Новая книга ранее челябинского, а теперь подмосковного поэта выстроена вокруг фигуры Отца — не столько в метафизическом или психоаналитическом смысле, сколько с позиций бытовой мифологии. Стихотворения Подушкина вообще, как правило, обыгрывают всевозможные аспекты автоматического народного мышления (от бессмысленного морализаторства до ксенофобии), доводя их до гротеска и абсурда; в этом смысле Подушкину ближе всего должны быть поэты группы ОСУМБЕЗ, особенно Евгений Лесин.
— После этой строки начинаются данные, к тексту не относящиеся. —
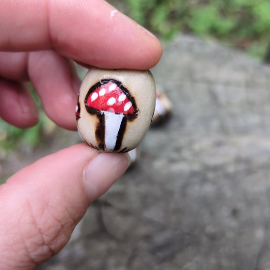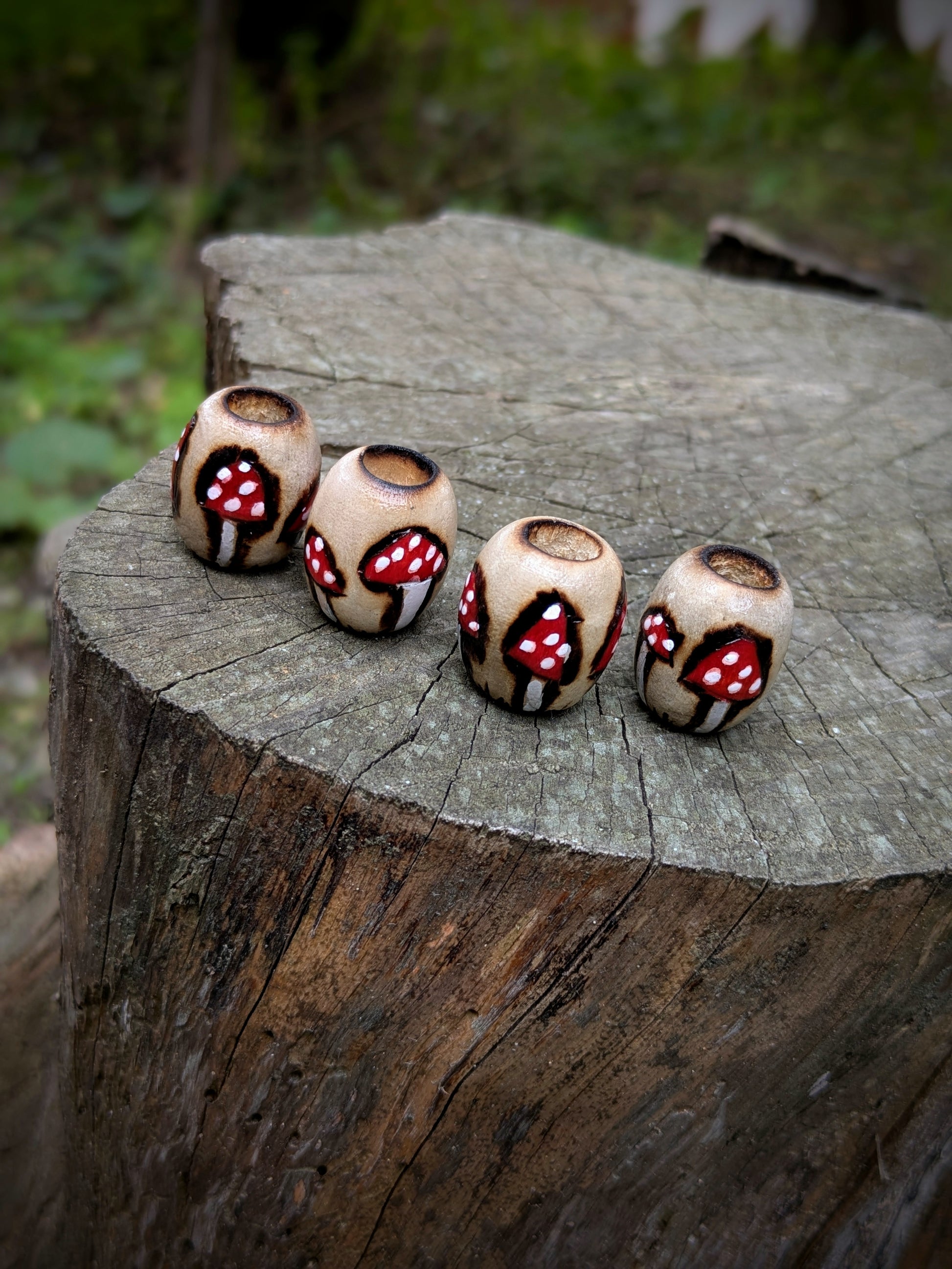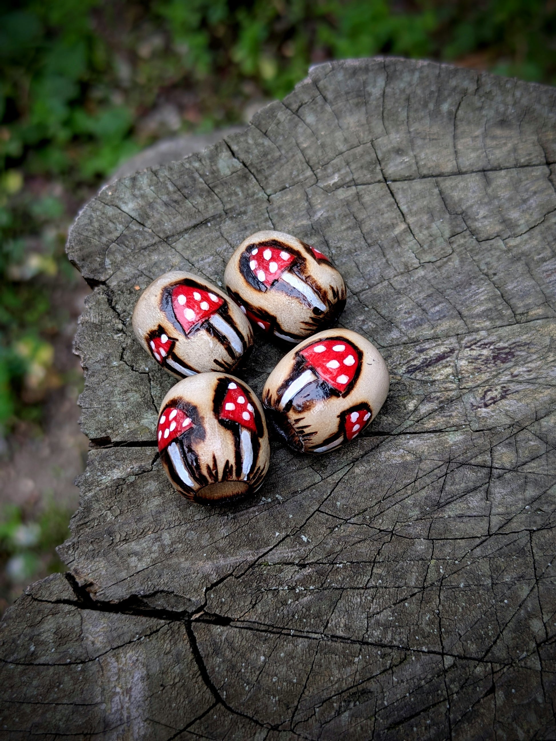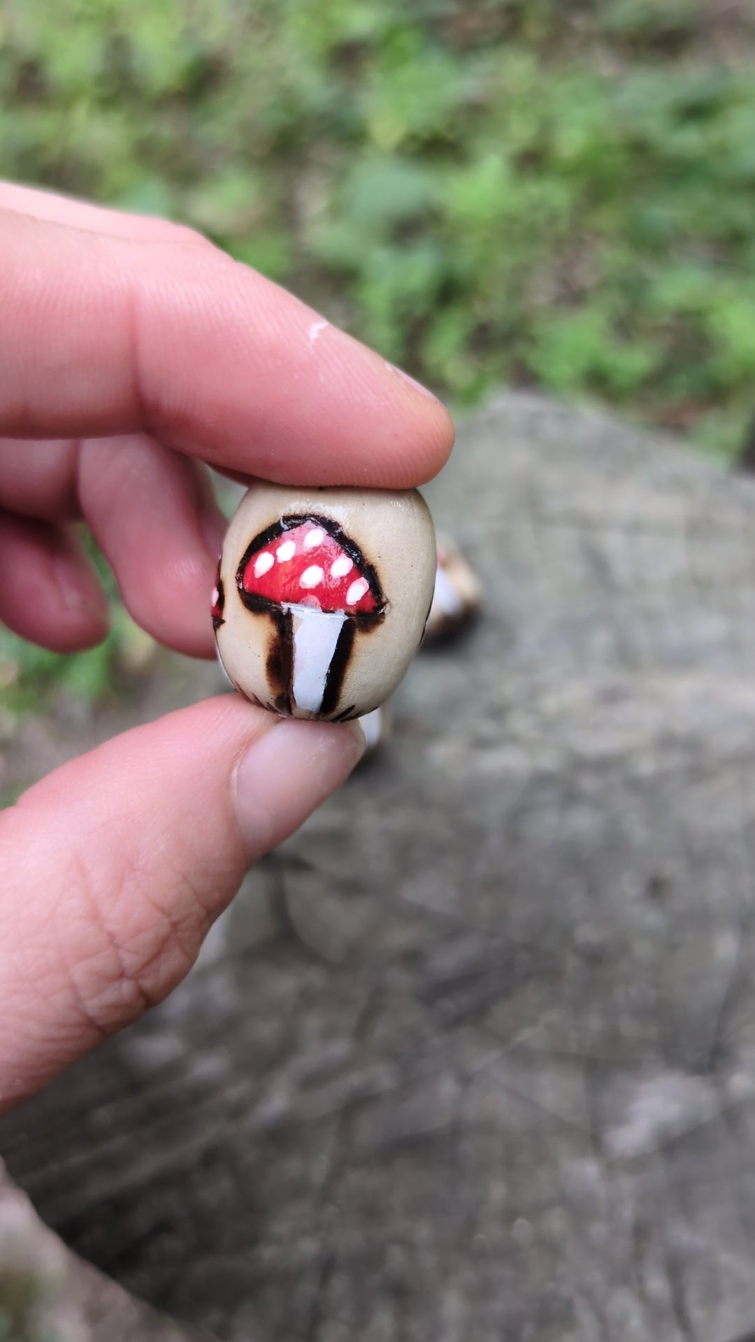 Ručně vypalovaný, barvený a lakovaný korálek z mé dílny s motivem muchomůrek.
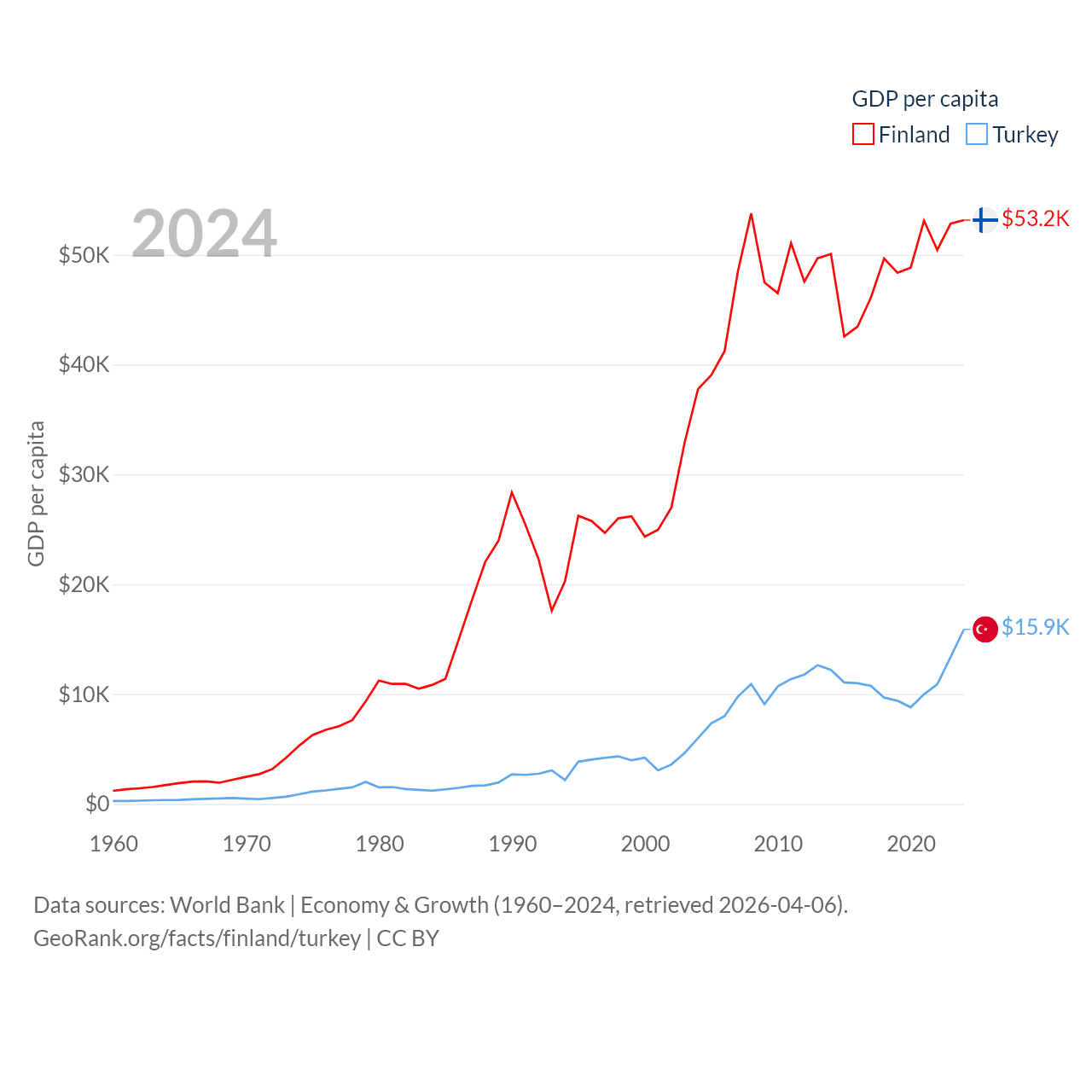 By GDP, Finland ranks 47/197 ($299B) and Turkey ranks 17/197 ($1.36T). By GDP per capita, Finland ranks 23/197 ($53,150), while Turkey ranks 66/197 ($15,893).
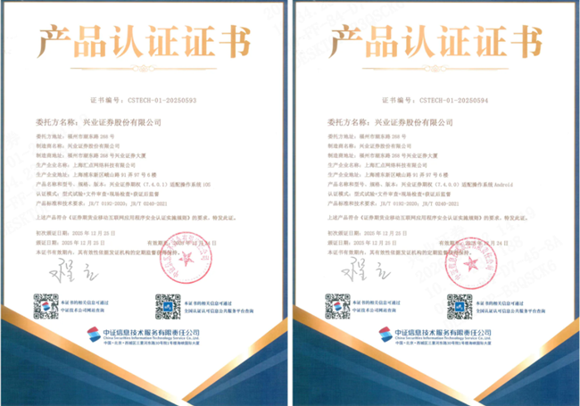 近日,兴业证券期权APP凭借过硬的安全管理体系与个人信息保护能力,顺利通过证券期货业APP 安全认证,喜获 iOS、Android 双平台认证证书,兴业证券信息系统安全体系建设获得行业权威认可。
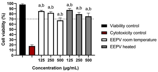 Cell viability in RAW 264.7 cells exposed to different concentrations of EEPV room temperature and EEPV heated (125, 250 and 500 μg/mL) at 24 h. Results represent the mean ± SD of triplicates of the experiments; (a) denotes a significant difference compared to the viability control (p ≤ 0.05); (b) denotes a significant difference in relation to the cytotoxicity control (DMSO 50%) (p ≤ 0.05), as determined by one-way ANOVA followed by a Dunnett’s post-test.
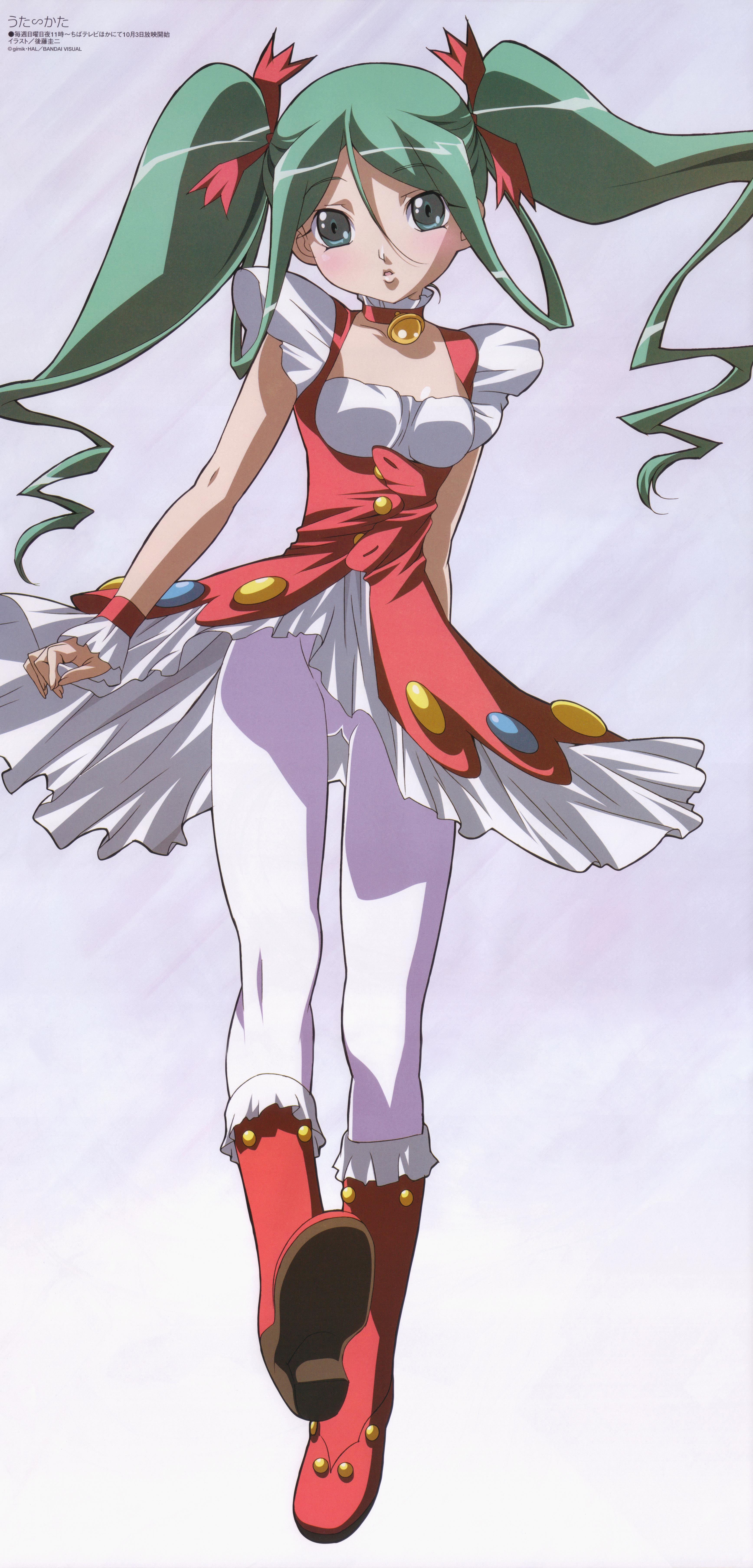 00s1girlbootsfemale focusgreen eyesgreen hairmatching hair/eyespantyhoseskirtsolotwintailsupskirtwhite pantyhose
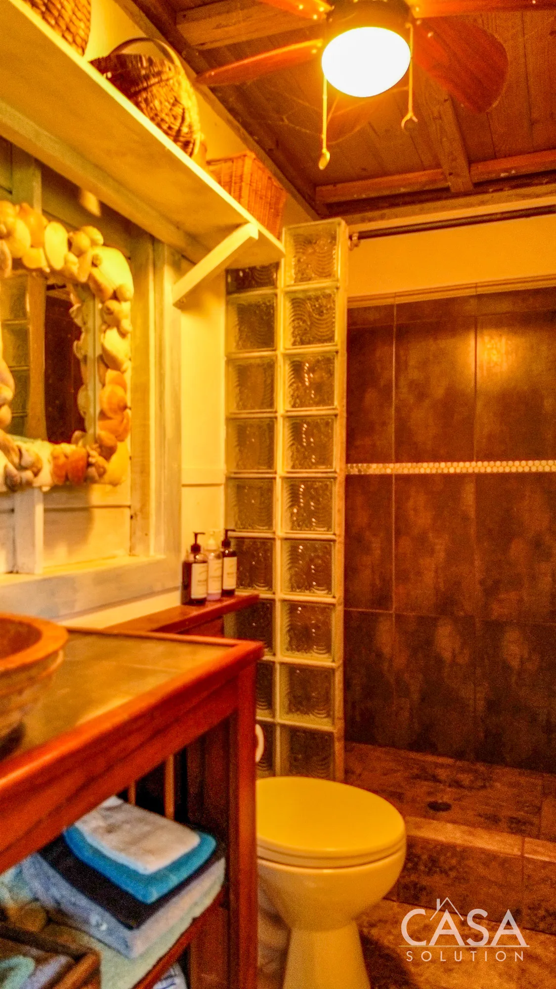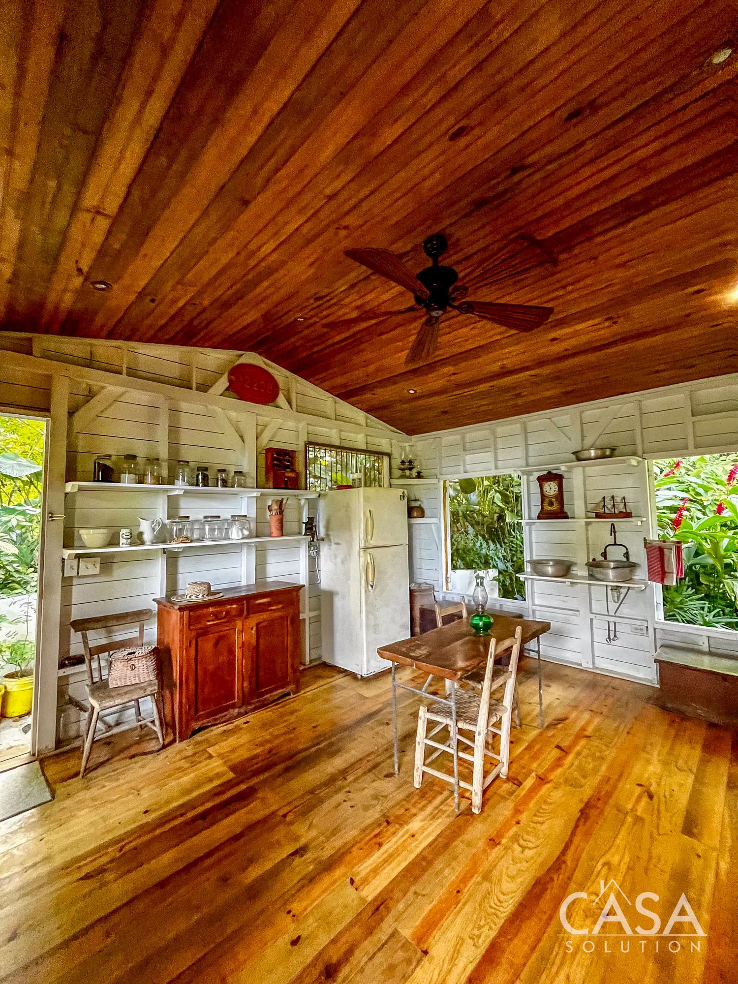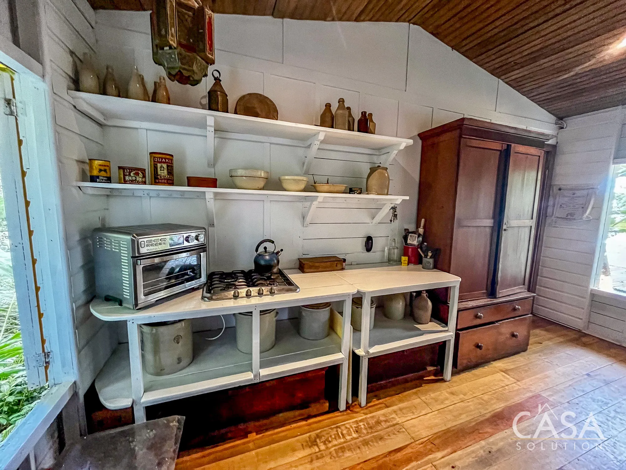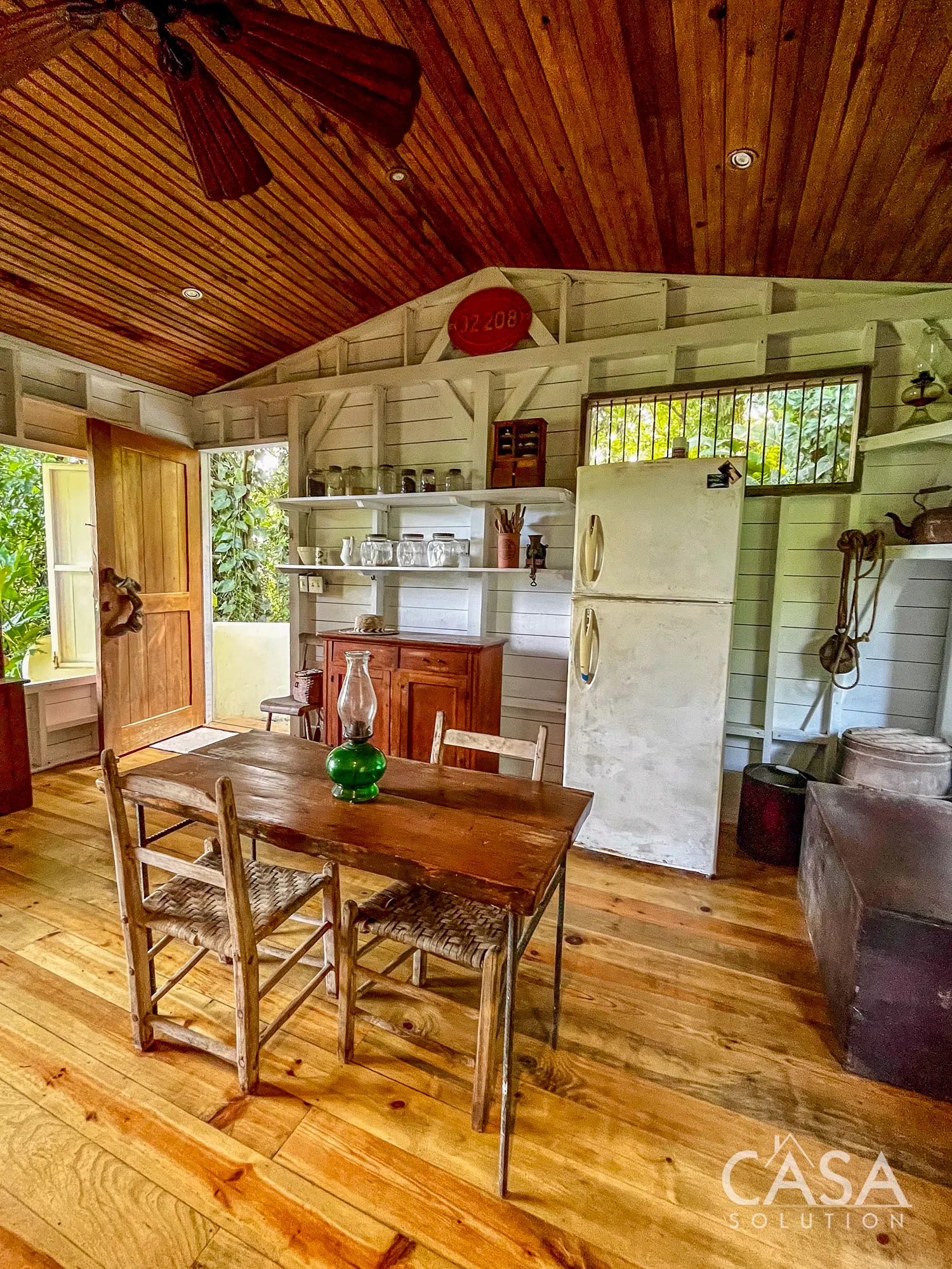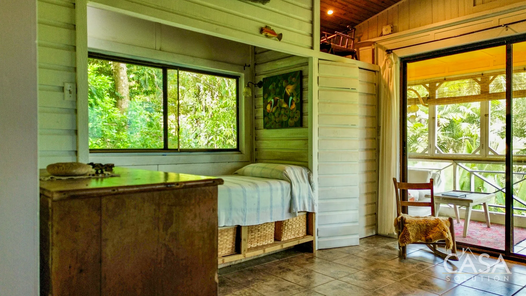 The third casita is a wooden structure designed as a true jungle retreat. It includes an outdoor kitchen, open living space, and a spacious outdoor shower surrounded by tropical foliage. This section of the property feels deeply connected to the natural environment, offering an authentic Bocas del Toro experience for guests or residents.

Стихи Подушкина населяют черти, «понаехавшие» «гости столицы», какие-то персонажи сказок, пьяницы и т.д.; доведённый до логического конца приём «перенаселённости» обнаруживаем в огромном тексте «Кто на кого смотрел», представляющем собой чистый каталог персонажей.
Бежит собака, пасть раззявила, / Хозяина собаку ищет, / Богатого, взамен хозяину, // Который оказался нищим. // Дойдя до крайней точки пошлости, / Собака выглядит фигово! / И мы ей не дадим возможности / Найти хозяина другого!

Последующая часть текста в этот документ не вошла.